We study the relationships amongst statistical significance, sample size and treatment effect; estimate the actual value of *β* and various measures of variability; compare the performance of different statistical models for *β*, and the three test-statistics *d*, *r* and *d*_{w}; investigate the effects of increasing/reducing the sample size of the FSEs on the realized significance levels; estimate the realized power, and compare it to power estimates for different possible future values of *n*; and estimate the sample size required to achieve 80 and 90% power in a given percentage of analyses of the measured biological indicators.

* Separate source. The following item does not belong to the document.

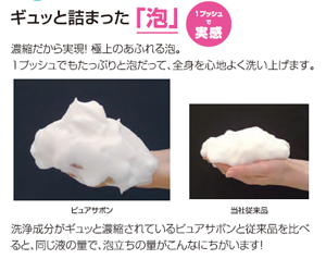 一般的に、ボディソープの洗浄成分は「石鹸」と「合成界面活性剤」に分けられますが、「ピュアサボン」は、石鹸素材を主成分として作られています。洗浄成分の濃度が濃いと固まってしまうため、液状のボディソープを濃縮化するのは困難でした。今回、成分を厳選し、独自の配合技術により、洗浄成分の割合を高めた「濃縮技術」の開発に成功しました。これにより、少しの量でもたっぷり泡立ち、弾力のある密着性に優れた泡を実現しました。

### (a) Relationships amongst significance level, sample size and treatment effect

A volcano plot (−log(*p*) versus log(*R*), Jin *et al*. 2001) allowed an assessment of the frequency of significant results achieved for various sizes of estimated treatment effect, particularly those greater than 1.5-fold identified by Perry *et al*. (2003) as effects the FSEs had sought to detect with relatively high frequency. Small values of realized sample size, *n*, occurred when a biological indicator was relatively rare, so a scatter plot of log(*R*) versus *n* allowed an appraisal of whether treatment effects were consistent between abundant and rare species or groups.

### (b) Estimation of *β*

For each of the three fitted multiplicative models described above, the true but unknown value of *β* was estimated as *β*_{est} from the regression coefficient (*b*) in a linear regression of the logarithm of the absolute standardized residuals on the logarithmically transformed fitted values, i.e. *β*_{est}=2*b*+*β* (Carroll & Ruppert 1988). A combined estimate *β*_{o} was then calculated from the three estimates using linear interpolation to find the value of *β* for which *β*_{est}=*β*, i.e. the value for which the regression coefficient *b* in the residual plot is zero (*cf* Perry 1987).

### (c) Summary statistics and measures of variability

Whole-field geometric means, *M*, measures of variability (CV on natural scale and standard deviation, *s*, the square-root of the residual mean square of the ANOVA from the published analysis on the natural logarithmic scale) and estimates of *β*_{o} were computed for each of 531 reported tests of the null hypothesis for count data. Some summary statistics were tabulated for each of the five indicator groups (FSE papers), for all 531 indicators combined and for each of the three crops. These included: mean, minimum and maximum values of *n* and CV; median, and lower and upper quartiles of *β*_{o} after exclusion of analyses with *n*<30; and the frequency with which large treatment effects were detected with statistical significance.

### (d) Comparison of test-statistics from different models

Since the majority of individual values and all median values of *β*_{o} were found to lie between 1.5 and 2, a graphical comparison was made of the 531 published results of tests and estimates of treatment effects using the statistic *d* (assuming *β*=2) with the unpublished results based on the statistic *r*_{1.5} (assuming *β*=1.5).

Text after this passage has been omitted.